American baseball player (born 1996)

Evan Manuel Mendoza (born June 28, 1996) is an American former professional baseball infielder. He played for the Colombia national baseball team.

==Amateur career==
Mendoza was born in Baltimore, Maryland, and began his high school career at Severna Park High School in Severna Park, Maryland. After his freshman year, he and his family moved to Sarasota, Florida where he attended Sarasota High School. As a senior in 2014, he was 7–2 with a 0.78 ERA in 54 innings pitched. He was not drafted out of high school in the 2014 MLB draft and enrolled at North Carolina State University where he played college baseball for the NC State Wolfpack.

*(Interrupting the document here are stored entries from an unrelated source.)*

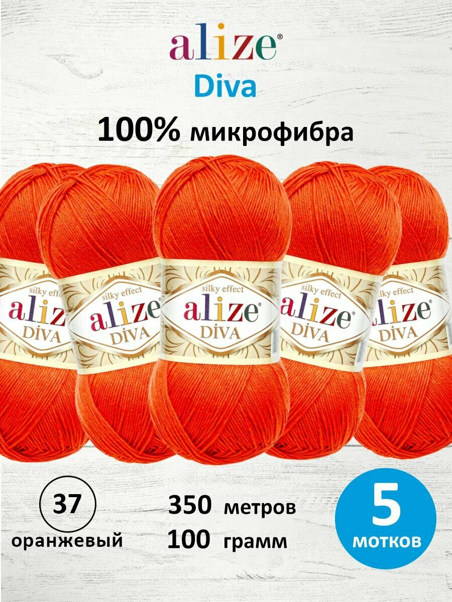 Купить Пряжа для вязания ALIZE ‘Diva’, 100г, 350м (100% микрофибра) ТУ (37 Оранжевый), 5 мотков с доставкой по всей России. Пряжа для вязания ALIZE ‘Diva’, 100г, 350м (100% микрофибра) ТУ (37 Оранжевый), 5 мотков: сравнение цен, характеристики, фото, актуальное наличие и цены.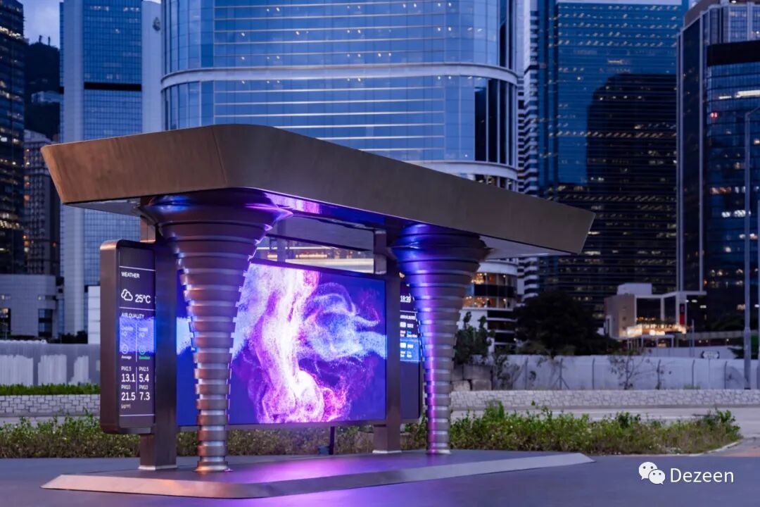 该系统利用安装在顶部的太阳能板发电,并配备物联网,提供实时监控、数据比较和互动显示屏,显示天气、空气质量和公交班次等信息。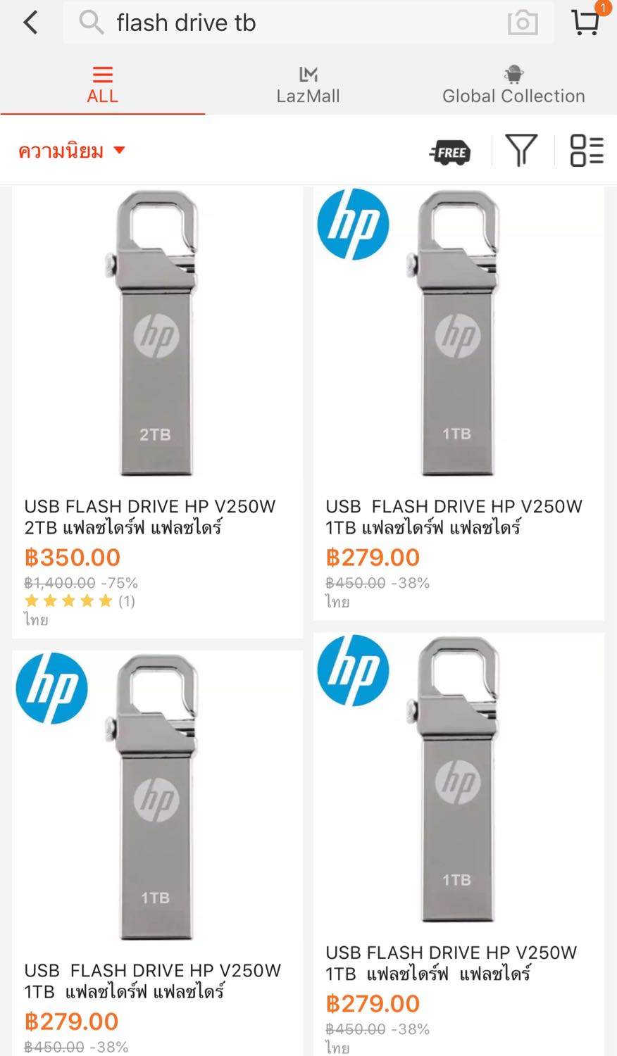 ไปดูใน Lazada มา External Hardisk 2 TB ของ WD ราคา 958 บาท กับ Flash Drive 2 TB ของ HP ราคา 119 บาท

As a freshman at NC State in 2015, Mendoza struggled, posting a 6.75 ERA in nine appearances. After his freshman season, he was converted from a pitcher to a position player. As a sophomore he led NC State with a .362 batting average and was named to the All-ACC second team. After the 2016 season, he played collegiate summer baseball with the Bourne Braves of the Cape Cod Baseball League. In 2017, as a junior, he started all 61 of NC State's games and batted .262 with five home runs and 35 RBIs.

==Professional career==
===St. Louis Cardinals===
After his junior year, the St. Louis Cardinals selected Mendoza in the 11th round of the 2017 MLB draft. He signed with the Cardinals for $150,000 and was assigned to the State College Spikes. After batting .370/.431/.549 with three home runs, 28 RBIs, and 14 doubles in 41 games he was promoted to the Peoria Chiefs in August where he finished the season, batting .270 with one home run, eight RBIs, and six doubles in 18 games. While playing for State College, he was named to the New York-Penn League All-Star Game, and his .370 batting average won him the title of 2017 New York-Penn League batting champion. He began 2018 with the Palm Beach Cardinals where he was named to the Florida State League All-Star Game. After batting .349/.394/.456 with three home runs and 16 RBIs through 37 games, he was promoted to the Springfield Cardinals in May. Mendoza was selected as St. Louis' Minor League Player of the Month for May after batting a combined .369 with an .895 OPS in 28 total games played between Palm Beach and Springfield during the month. He ended the year with Springfield, hitting .254 with five home runs and 26 RBIs in 98 games.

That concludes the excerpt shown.